*Data under study*
——
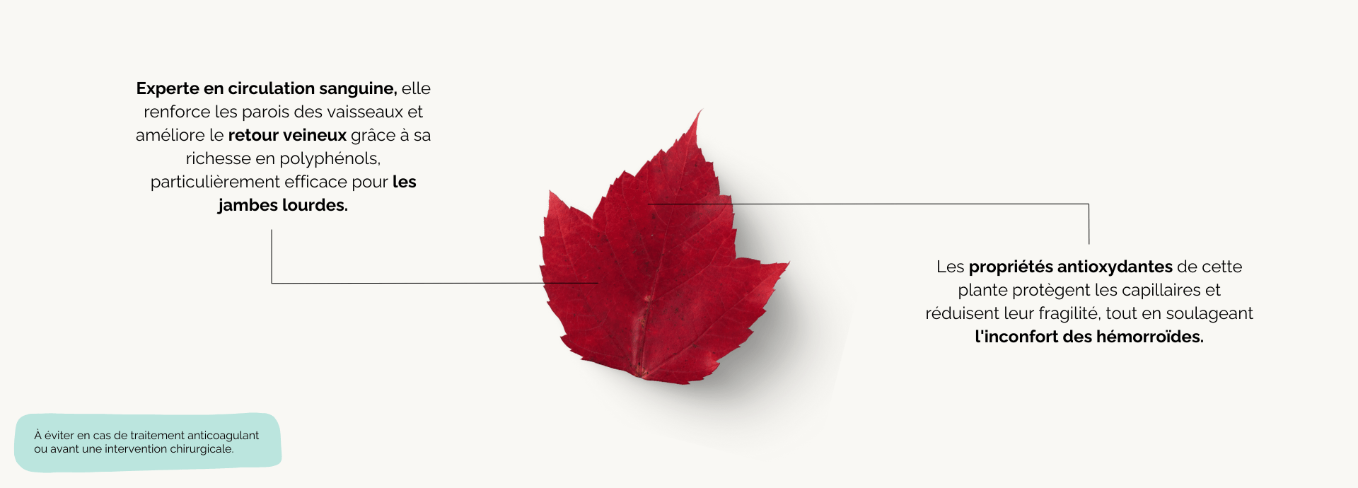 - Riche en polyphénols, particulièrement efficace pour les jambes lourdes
——
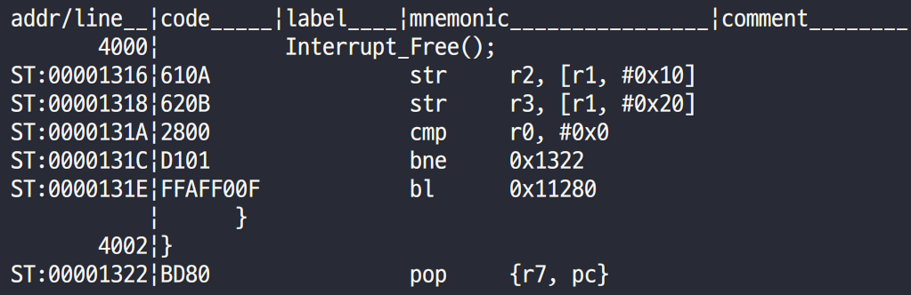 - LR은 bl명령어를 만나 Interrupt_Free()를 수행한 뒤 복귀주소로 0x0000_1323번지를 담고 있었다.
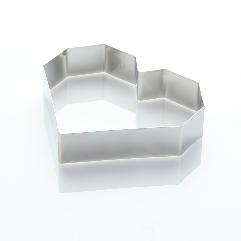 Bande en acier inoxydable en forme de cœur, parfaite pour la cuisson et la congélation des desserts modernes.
——
*Problem statement*
What you return from the records above should be exactly everything from the line with "- LR은 bl명령어를" down to the line with "Bande en acier", both kept, and no pictures.

*Response*
 - LR은 bl명령어를 만나 Interrupt_Free()를 수행한 뒤 복귀주소로 0x0000_1323번지를 담고 있었다.
 Bande en acier inoxydable en forme de cœur, parfaite pour la cuisson et la congélation des desserts modernes.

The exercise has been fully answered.